Not everything is always what it seems.

For life a little less ordinary, perhaps we could draw your attention to the Nunnery Gallery‘s upcoming presentation of Magic Mirror – a major free exhibition of work by French Surrealist artist Claude Cahun and filmmaker Sarah Pucill.

 

Magic Mirror - Nunnery Gallery

Magic Mirror – Nunnery Gallery

Sarah Pucill’s strangely beguiling film Magic Mirror combines a re-staging of Cahun’s black and white photographs with selected extracts from her book Aveux Non Avenus (Confessions Denied). Exploring the longstanding relationship between photography and film Pucill moves Cahun’s work from still to moving image and repositions Cahun within a post-modern context with gender, self and identity at the centre of discourse.

Curated by Karen Le Roy Harris the exhibition runs from 17 April – 14 June 2015, to coincide with Jersey Heritage’s landmark retrospective of Cahun and Marcel Moore. Many of the works on view will be shown in London for the first time.
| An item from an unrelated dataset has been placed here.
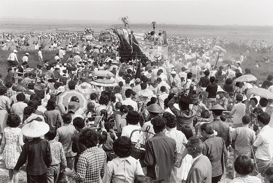 他们的服装,,包括左下角的蓝布衫,斗笠,女孩穿的洋装,右边那个妈妈头的包头……都是一个集体回忆。这么辽阔的空间,这么多的人往前,要把王船送往海上的感觉,是一个大的信仰的力量,如今,这个场景跟时空都没有了,这是阮义忠留下这个影像的最单纯的价值。
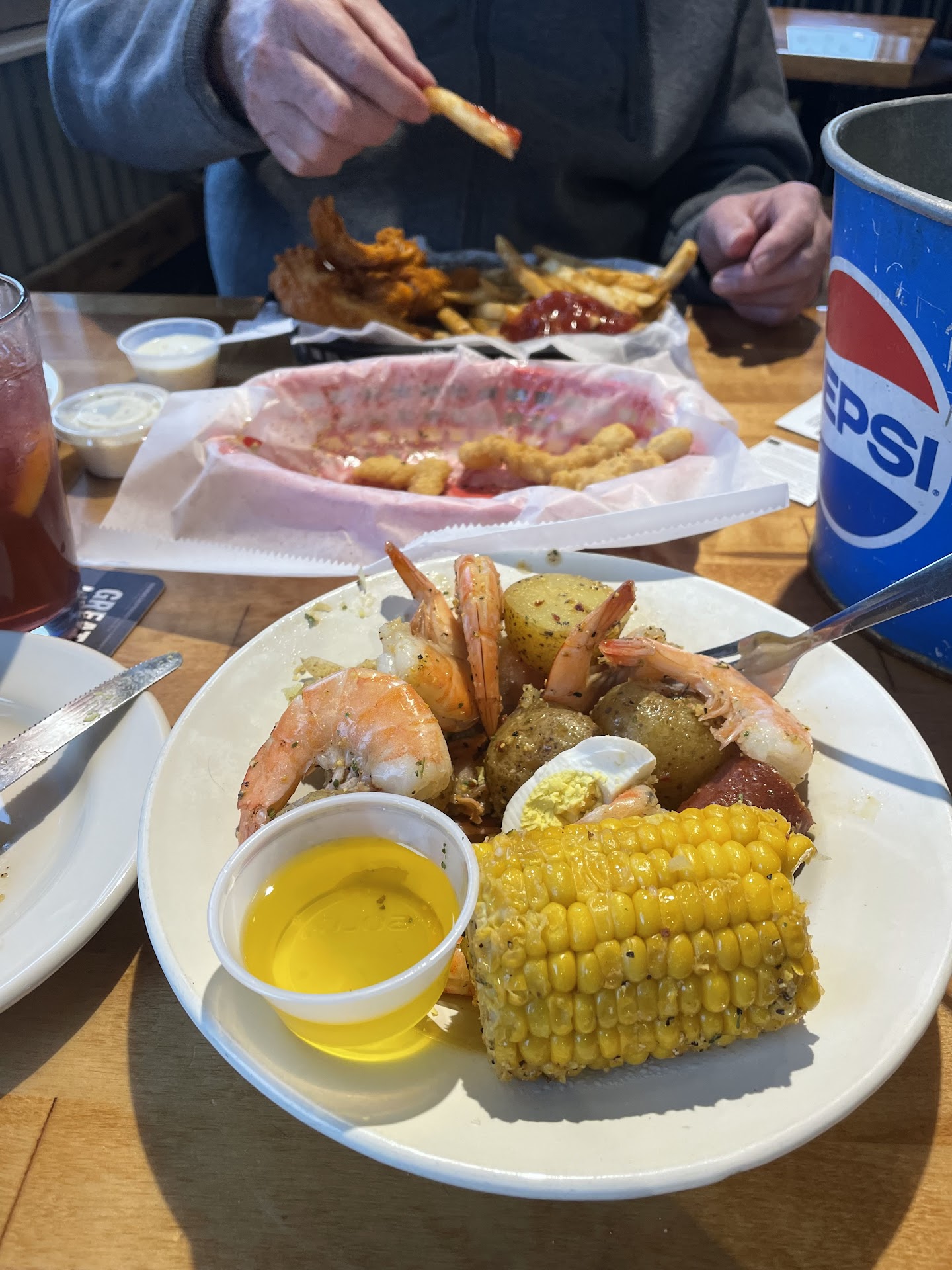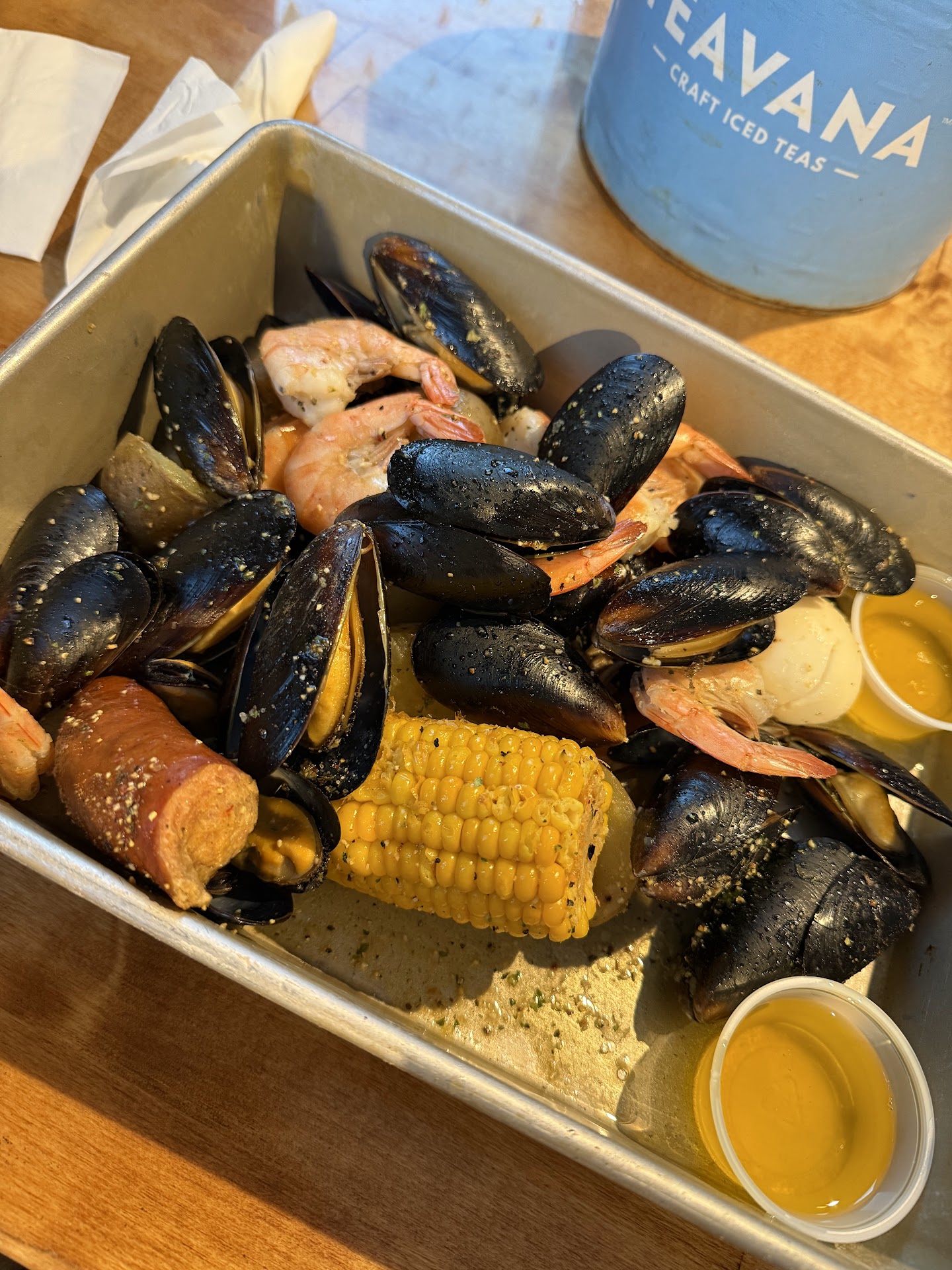 Disappointing. Expensive. Food quality was disappointing. The salad was the cheap salad with purple cabbage. The price for salad youd expect way better quality. The crab legs were cold and no flavor. The salad kept falling off the very SMALL plate a thousand times making it difficult to eat or stir in dressing. Expect a cold and dry sea food boil with little seasonig. No sauce. Any Seasoning you may wonder? Yeah maybe sprinkled on their, like theyre trying to save money. Very disappointing. A good environment, but too quiet no music, everybody was whispering because everyone could hear everyone's conversations. The price did not meet the quality. Will not...

Called ‘one of the most curious spirits of our time’ Cahun used her subversive avant-garde art practice as a form of resistance in Nazi occupied Jersey during WW2.  Cahun continually challenged social conformities. Known for her writings she published articles in journals and in 1929 translated Havelock Ellis’ theories on the third gender, which forms part of the gender neutral position Cahun took. ‘Masculine? Feminine? But it depends on the situation. Neuter is the only gender that always suits me’ (Claude Cahun). Cahun positioned herself as a surrealist but was not part of the official surrealist group, as many women were not. She was part of the Théâtre Esoterique and this element of staging and masquerade are carried through to her work. Cahun paved the way and was precursor to the next wave of female artists and photographers such as Francesca Woodman and Cindy Sherman, whose work also references gender identity, surrealism, fashion photography and tableaux vivants.

A large number of Cahun’s works created throughout her non-conformist life will be on show.

I’m a non-conformist too (if that’s alright by you).